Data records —

_ _ _

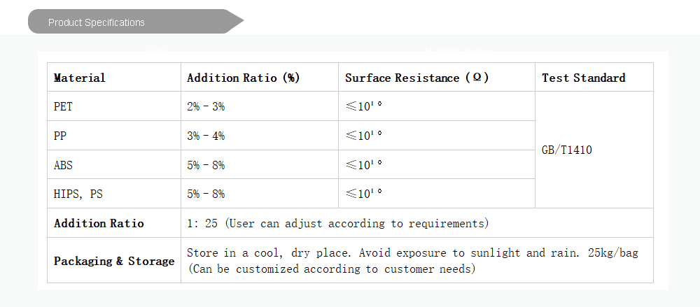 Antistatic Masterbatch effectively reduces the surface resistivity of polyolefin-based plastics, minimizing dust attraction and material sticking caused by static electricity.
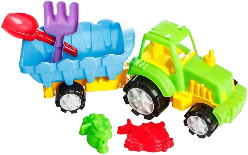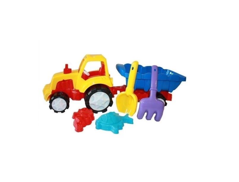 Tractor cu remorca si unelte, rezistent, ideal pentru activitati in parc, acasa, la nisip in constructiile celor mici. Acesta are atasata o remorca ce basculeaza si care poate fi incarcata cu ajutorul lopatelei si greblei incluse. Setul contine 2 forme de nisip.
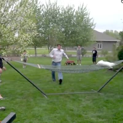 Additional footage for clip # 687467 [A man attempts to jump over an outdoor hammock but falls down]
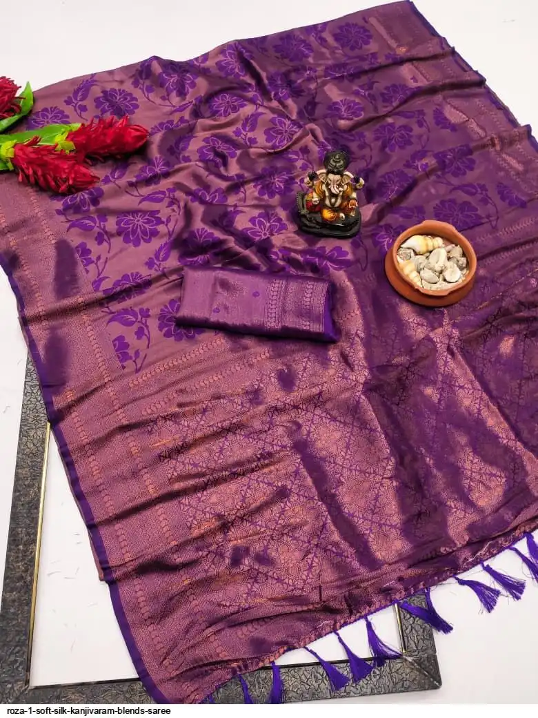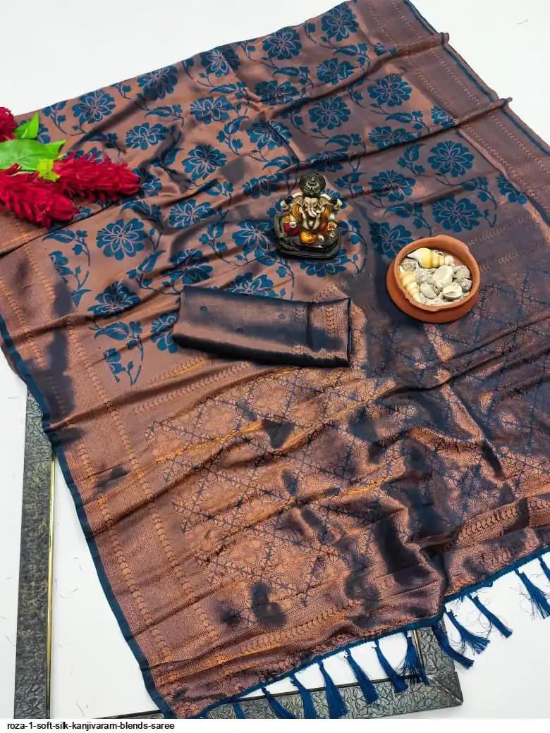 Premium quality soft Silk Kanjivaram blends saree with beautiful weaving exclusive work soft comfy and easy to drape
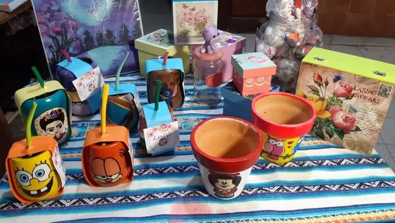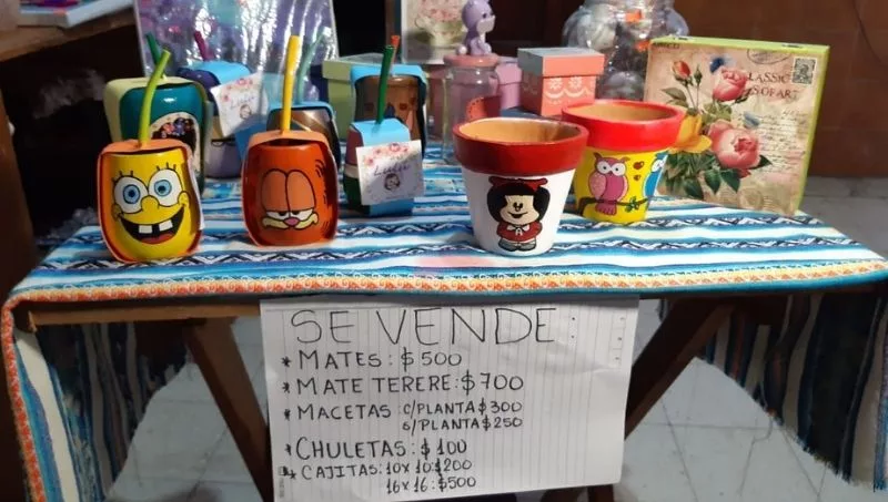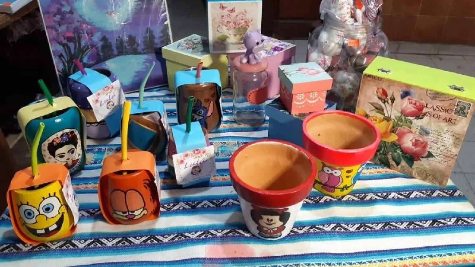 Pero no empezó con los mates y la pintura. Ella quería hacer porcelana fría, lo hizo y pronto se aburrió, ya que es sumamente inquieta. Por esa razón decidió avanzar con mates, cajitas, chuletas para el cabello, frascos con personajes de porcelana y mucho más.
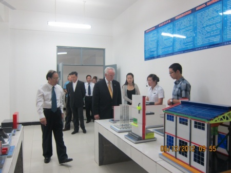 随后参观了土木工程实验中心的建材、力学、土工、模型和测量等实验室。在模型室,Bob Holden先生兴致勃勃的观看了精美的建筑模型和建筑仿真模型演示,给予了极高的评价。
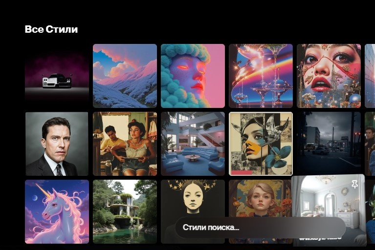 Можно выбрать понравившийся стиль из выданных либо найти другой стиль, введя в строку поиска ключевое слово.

_ _ _

Without including any pictures, copy every line above exactly.

Result for this exercise —
 Antistatic Masterbatch effectively reduces the surface resistivity of polyolefin-based plastics, minimizing dust attraction and material sticking caused by static electricity.
 Tractor cu remorca si unelte, rezistent, ideal pentru activitati in parc, acasa, la nisip in constructiile celor mici. Acesta are atasata o remorca ce basculeaza si care poate fi incarcata cu ajutorul lopatelei si greblei incluse. Setul contine 2 forme de nisip.
 Additional footage for clip # 687467 [A man attempts to jump over an outdoor hammock but falls down]
 Premium quality soft Silk Kanjivaram blends saree with beautiful weaving exclusive work soft comfy and easy to drape
 Pero no empezó con los mates y la pintura. Ella quería hacer porcelana fría, lo hizo y pronto se aburrió, ya que es sumamente inquieta. Por esa razón decidió avanzar con mates, cajitas, chuletas para el cabello, frascos con personajes de porcelana y mucho más.
 随后参观了土木工程实验中心的建材、力学、土工、模型和测量等实验室。在模型室,Bob Holden先生兴致勃勃的观看了精美的建筑模型和建筑仿真模型演示,给予了极高的评价。
 Можно выбрать понравившийся стиль из выданных либо найти другой стиль, введя в строку поиска ключевое слово.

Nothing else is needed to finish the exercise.